• **What the task asks**:
Would you please transcribe the data in full and exactly, excluding images?

• **Input material**:
══════════
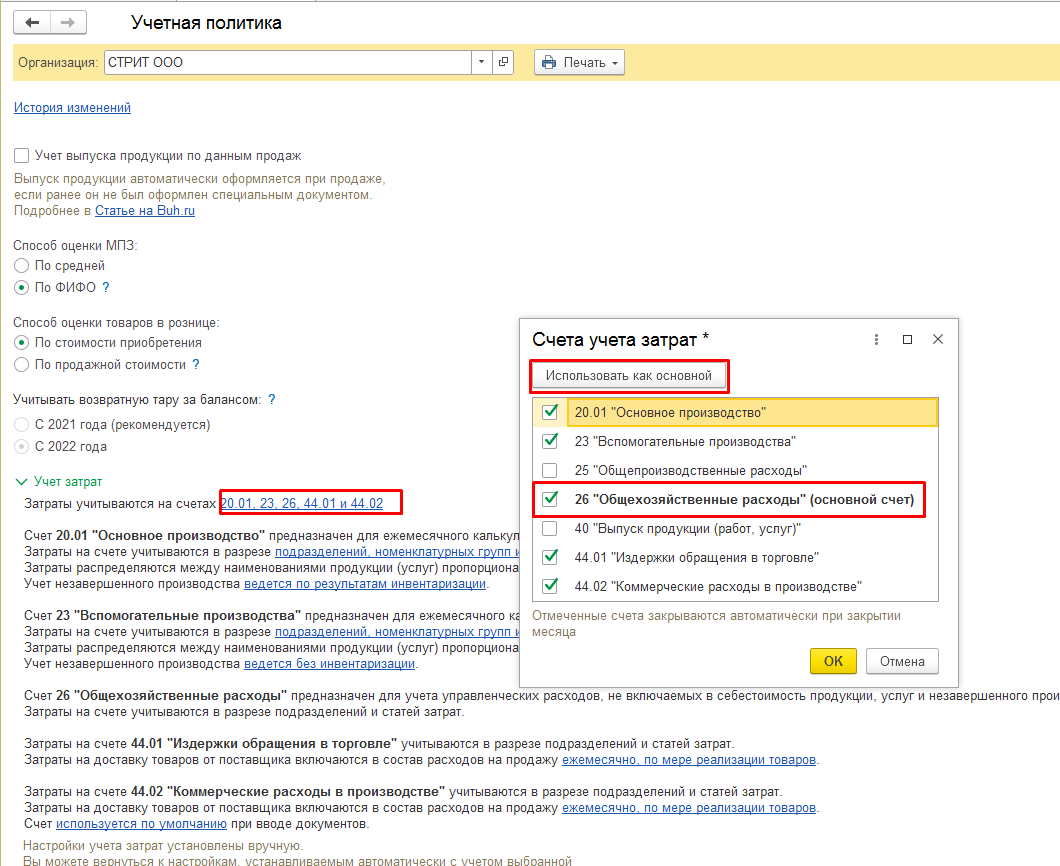 Для автоматического заполнения счета затрат (того, который чаще используется) в документах Расход материалов, Поступление (услуг) надо сделать настройку в учетной политике. Выбрать счет и указать его Использовать как основной. Это не влияет ни на какие-то настройки учетной политики, ни на алгоритм закрытия счетов затрат, только на автоматическое заполнение документов. Для документов производства (Выпуск продукции (отчет производства) эта настройка не срабатывает (там автоматически счет 20.01). При необходимости всегда можно изменить счет затрат вручную. Так же надо заполнить справочник Статьи затрат и справочник Прочие доходы и расходы. Статьи затрат. Можно выбрать настройки для конкретных документов (но там не все виды документов доступны для выбора), а можно - как Основная статья затрат. Аналогичная настройка для справочника Прочие доходы и расходы. Так же доступна более подробная настройка по конкретным документам или как основная. Например, у нас поступление услуг от контрагента
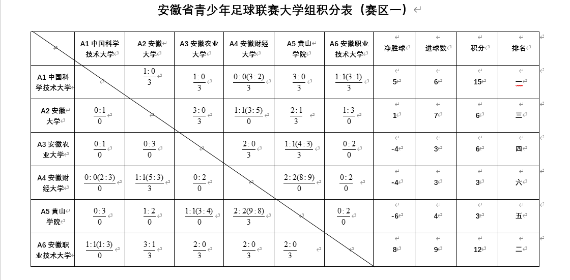 中国科学技术大学发挥出色,五战全胜,以绝对实力锁定头名;安徽职业技术大学表现稳健,四胜一负位列第二。积分相同情况下,安徽大学与黄山公司凭借相互胜负关系,分别领先安徽农业大学与安徽财经大学,竞争过程紧张有序、结果公正明晰。
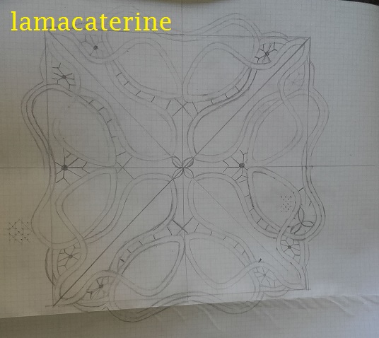 Esta sobre papel, ahora me queda picarlo sobre una cartulina, repasarlo en rotulador, dibujar el punto de fondo y trabajarlo con los bolillos.
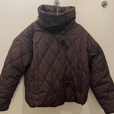 størrelse M. Jakken er brun og laget av polyester. Den har quiltet mønster, trykknapper foran, lommer og ribbestrikkede mansjetter.🤎
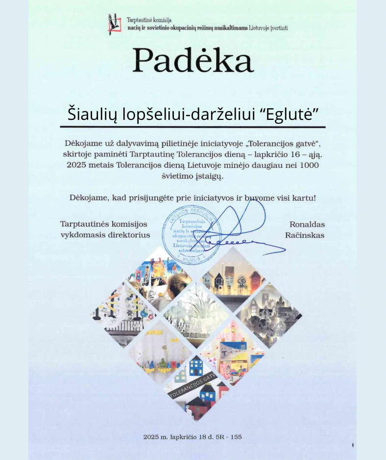 2025 m., lapkričio 16-ąją, Šiaulių lopšelis-darželis “Eglutė” kartu su Tarptautine istorine komisija surengė parodą Tolerancijos dienai paminėti, visos grupės kūrė savo namelius, kas dažė, kas karpinius klijavo, medžio raižiniais ir net blizgančiu smėliu puošė ir kitomis įvairiomis priemonėmis dekoravo. Svarbiausias šios dienos tikslas - pri(si)minti, kad visi esame skirtingi, ir tai normalu, turime priimti vienas kitą tokį, kokie esame, o šių metų Tolerancijos dienos simboliu tapo - gatvė, kuri mus jungia, suburia kaimynystėje, “padeda” susitikti, bendrauti.
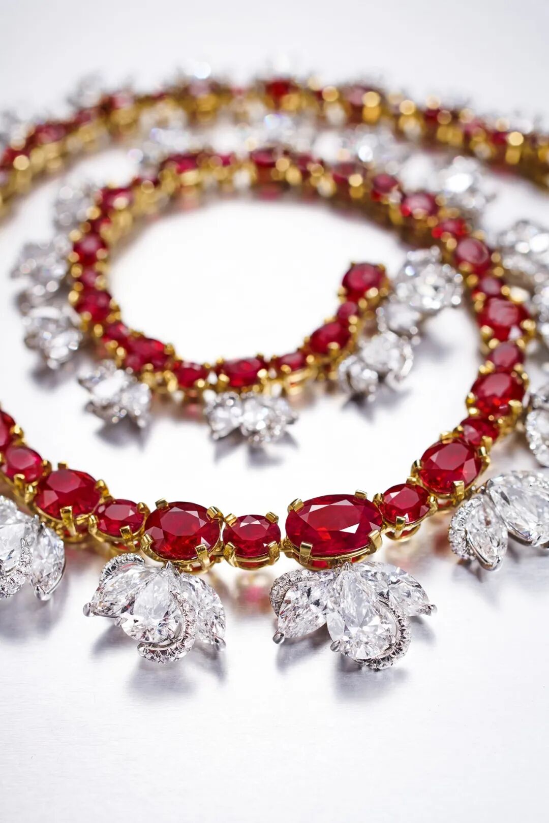 共重57.71克拉緬甸天然「鴿血紅」紅寶石配鑽石「火鳳凰」項鏈,未經加熱
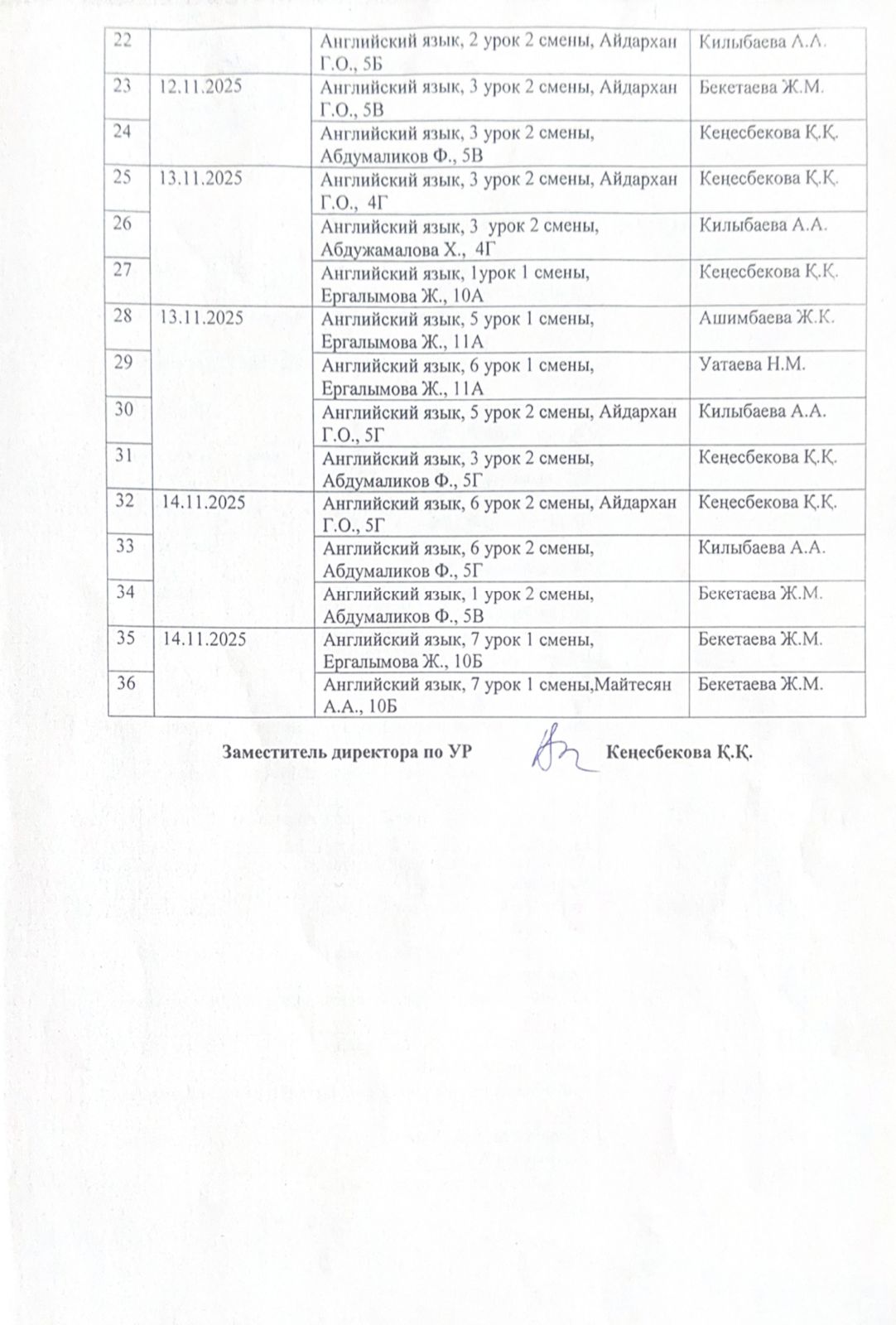 График посещения уроков администрацией школы. / Мектеп әкімшілігінің келу кестесі.
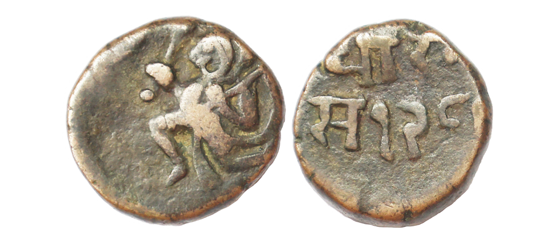 Dhar State, Annonymous Issue, Copper ½ Paisa, 5.43 gms, Obv. leaf, Rev. sword, Unlisted in KM, very fine, very rare.
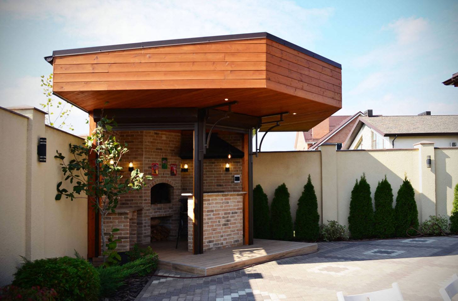 Исходя из планировки, использованных стройматериалов и направления стиля, летние кухни с мангалом бывают открытого и закрытого типа.
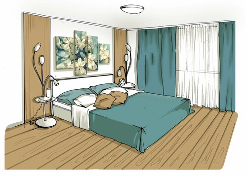 Эскиз интерьера спальни
══════════
• **Solution to this task**:
 Для автоматического заполнения счета затрат (того, который чаще используется) в документах Расход материалов, Поступление (услуг) надо сделать настройку в учетной политике. Выбрать счет и указать его Использовать как основной. Это не влияет ни на какие-то настройки учетной политики, ни на алгоритм закрытия счетов затрат, только на автоматическое заполнение документов. Для документов производства (Выпуск продукции (отчет производства) эта настройка не срабатывает (там автоматически счет 20.01). При необходимости всегда можно изменить счет затрат вручную. Так же надо заполнить справочник Статьи затрат и справочник Прочие доходы и расходы. Статьи затрат. Можно выбрать настройки для конкретных документов (но там не все виды документов доступны для выбора), а можно - как Основная статья затрат. Аналогичная настройка для справочника Прочие доходы и расходы. Так же доступна более подробная настройка по конкретным документам или как основная. Например, у нас поступление услуг от контрагента
 中国科学技术大学发挥出色,五战全胜,以绝对实力锁定头名;安徽职业技术大学表现稳健,四胜一负位列第二。积分相同情况下,安徽大学与黄山公司凭借相互胜负关系,分别领先安徽农业大学与安徽财经大学,竞争过程紧张有序、结果公正明晰。
 Esta sobre papel, ahora me queda picarlo sobre una cartulina, repasarlo en rotulador, dibujar el punto de fondo y trabajarlo con los bolillos.
 størrelse M. Jakken er brun og laget av polyester. Den har quiltet mønster, trykknapper foran, lommer og ribbestrikkede mansjetter.🤎
 2025 m., lapkričio 16-ąją, Šiaulių lopšelis-darželis “Eglutė” kartu su Tarptautine istorine komisija surengė parodą Tolerancijos dienai paminėti, visos grupės kūrė savo namelius, kas dažė, kas karpinius klijavo, medžio raižiniais ir net blizgančiu smėliu puošė ir kitomis įvairiomis priemonėmis dekoravo. Svarbiausias šios dienos tikslas - pri(si)minti, kad visi esame skirtingi, ir tai normalu, turime priimti vienas kitą tokį, kokie esame, o šių metų Tolerancijos dienos simboliu tapo - gatvė, kuri mus jungia, suburia kaimynystėje, “padeda” susitikti, bendrauti.
 共重57.71克拉緬甸天然「鴿血紅」紅寶石配鑽石「火鳳凰」項鏈,未經加熱
 График посещения уроков администрацией школы. / Мектеп әкімшілігінің келу кестесі.
 Dhar State, Annonymous Issue, Copper ½ Paisa, 5.43 gms, Obv. leaf, Rev. sword, Unlisted in KM, very fine, very rare.
 Исходя из планировки, использованных стройматериалов и направления стиля, летние кухни с мангалом бывают открытого и закрытого типа.
 Эскиз интерьера спальни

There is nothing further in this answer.